BofA, Foxconn Breaches Display Diversity of Hacker Motives
This year has already witnessed a rise in data breach activity. Beyond the Symantec pcAnywhere drama and the Zappos breach, Bank of America came under fire via a merchant breach even while in the midst of a multibillion-dollar legal battle over faulty mortgages.
Bank of America could not immediately be reached for comment, but published statements indicate that the company has sent letters to customers to notify them of a possible compromise that may have exposed credit card account details. BofA has not disclosed how many accounts were affected in the breach.
"As part of our routine fraud monitoring, if we believe a customer's card may have been compromised at a third-party location, we will notify the customer and block and reissue the card, which is what happened in this case," BofA spokeswoman Betty Riess told Bank Info Security. "Security for our customers is a top priority, and we take proactive steps like this to protect our customers from fraud."
Hacker Activity Heightens
Lawrence Reusing, general manager for mobile security at Imation Corp., said
Bank of America's disclosure of the recent breach again highlights the sophistication of criminals trying to breach network and mobile devices in 2012.
"The news proves that no business is immune," Reusing said. "Just weeks ago, Zappos came under scrutiny because of a network breach, and this latest disclosure from BoFA is concerning for businesses and the consumers that put trust in retailers, banks and other services companies to secure their private information."
At some level, the Zappos breach was worse. Some 24 million customer passwords were stolen in the hack, a black eye for the Amazon-owned property. Zappos was tight-lipped about the root cause of the attack. The difference is account-holder details were not accessed.
Whether for financial gain or social protest, hacker activity shows no sign of slowing down. On Thursday, news spread that "hacktivist" group Swagg Security had breached Apple supplier Foxconn's e-mail servers and Internet sites. Swagg Security has expressed concern over reports that Foxconn employees are working in poor conditions and that some have committed suicide.
And just hours ago, it was revealed that the United Nations Web site was hacked again.
The Mobile Factor
A growing number of mobile consumers are demanding security, but enterprises also need their workers to be productive and agile for business continuity and success, Reusing said. That, he said, makes it critical for IT to ensure the protection of customer data -- whether it's inside the network or with their partners.
Smart solutions combine data encryption and strong authentication to ensure that customer data is protected at rest and on the move, he said.

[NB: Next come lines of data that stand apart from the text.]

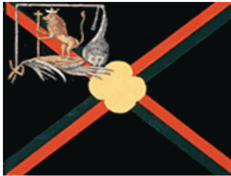
Знамя Владимирского пехотного полка 1712 г.

Владимирскую эмблему начинают изображать на некоторых знаменах русской армии. В Московской Оружейной палате хранится прапор конца XVII века с владимирской эмблемой 14 . Изображение владимирской эмблемы встречается в «Знаменном гербовнике» 1712 года на знаменах Владимирского пехотного и Владимирского драгунского полков. Владимирский пехотный полк был сформирован в 1700 году, Владимирский драгунский полк — в 1701 г. 15 Знамя Владимирского пехотного полка было черным с синим, крестообразно разделенным зелеными и красными полосами, с изображением в верхнем углу, у древка, золотого льва 16 .
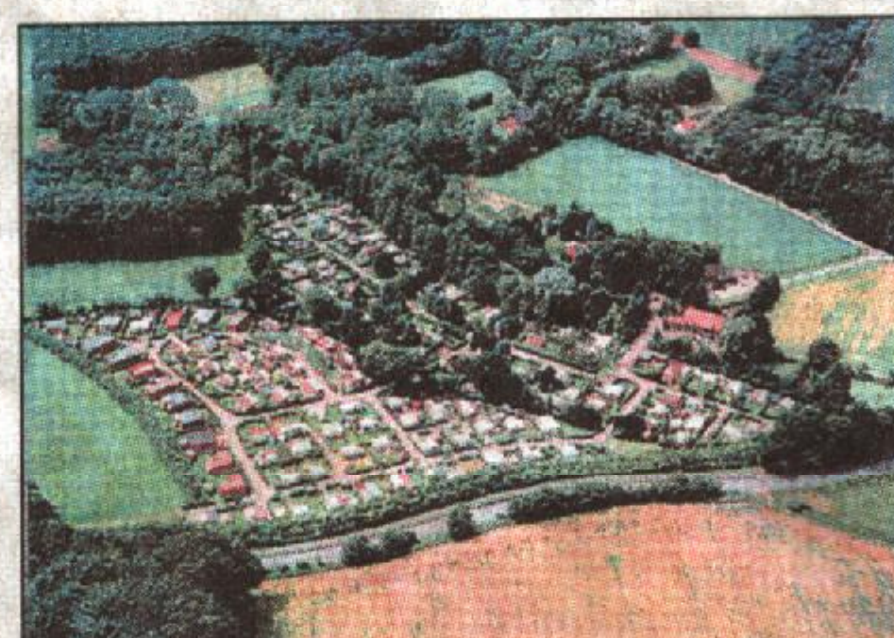
(8) Der Campingplatz Haard feiert runden Geburtstag. Seit 30 Jahren lassen sich hier die Urlauber nieder.
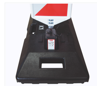
Compartment pour pile
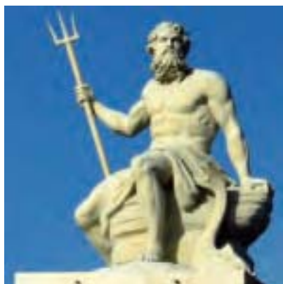
坐落在丹麥哥本哈根的海神波塞冬雕塑。
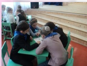
Марафон «Твои возможности»
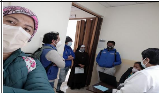
Fotografía 6. Coordinación interinstitucional de los usuarios del proyecto
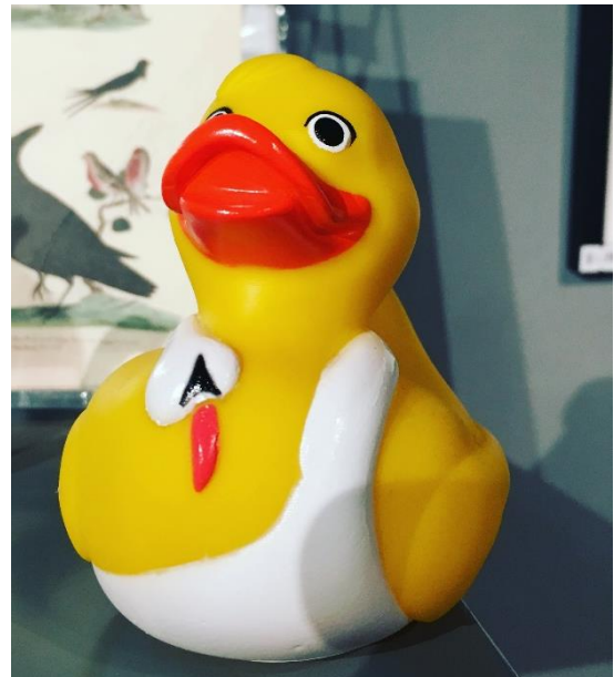
Under den historiska vandringen i Reykjavik hamnade jag i en museishop där denna blinkning till Björks gamla galaklänning hittades.

Dagarna var späckade med intressanta föredrag om 20 minuter vardera mellan kl 09.00 och 16.30. Två föredragsblock på förmiddagen respektive på eftermiddagen med avslutande diskussioner efter varje. Fredagen var endast en halvdag med föreläsningar. Efter lunchen så fanns det tre olika eftermiddagsexkursioner att välja på; Art history walk in Reykjavik, Historical Reykjavik och National Museum of Iceland.
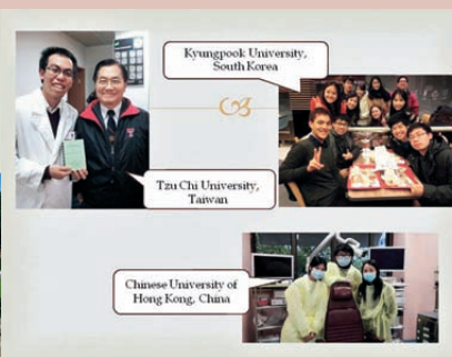
Kyungpook University, South Korea
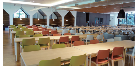
社員カフェテリア「ケラピリカ」はアイヌ語で“美味しい”。左手奥のガラスの向こうは採用センター「イコロ」(アイヌ語で“宝”)

運用室のカーペットや什器などにもこだわり。各業務のグループリーダーがコミュニケーターやSVの意見を聞き入れつつ選定。“みんなで作ったセンター”で
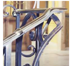
EURL DAMIEN MINIER

EURL Damien Minier Zone des Cousseaux Technoparc 41 300 Salbris 02.54.97.25.57
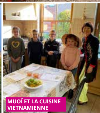
MUOÏ ET LA CUISINE VIETNAMIENNE
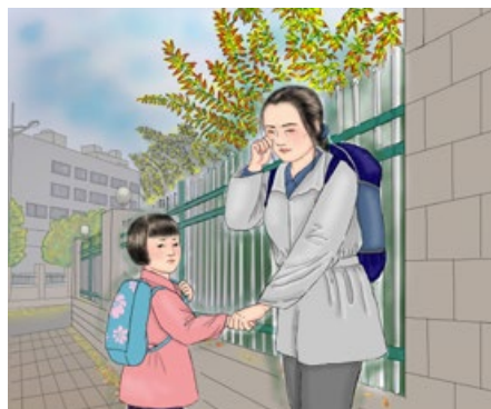
妈妈带姐姐离开了家

"Let's face it," Reusing said. "No one welcomes data breaches, and solution providers are working closely with companies of all sizes on implementing solutions that will not only monitor both fixed and mobile devices connected to the network, but also on increasing the level of education for employees and any third party on the severity of not taking security seriously in today's world."
Posted: 2012-02-13 @ 2:02pm PT
Credit card issuers will re-issue cards that they suspect were stolen even before fraud occurs. Most of the card data theft happens at stores where the card was used legitimately. Believe it or not, many payment systems used by merchants run on ordinary computers connected to the internet.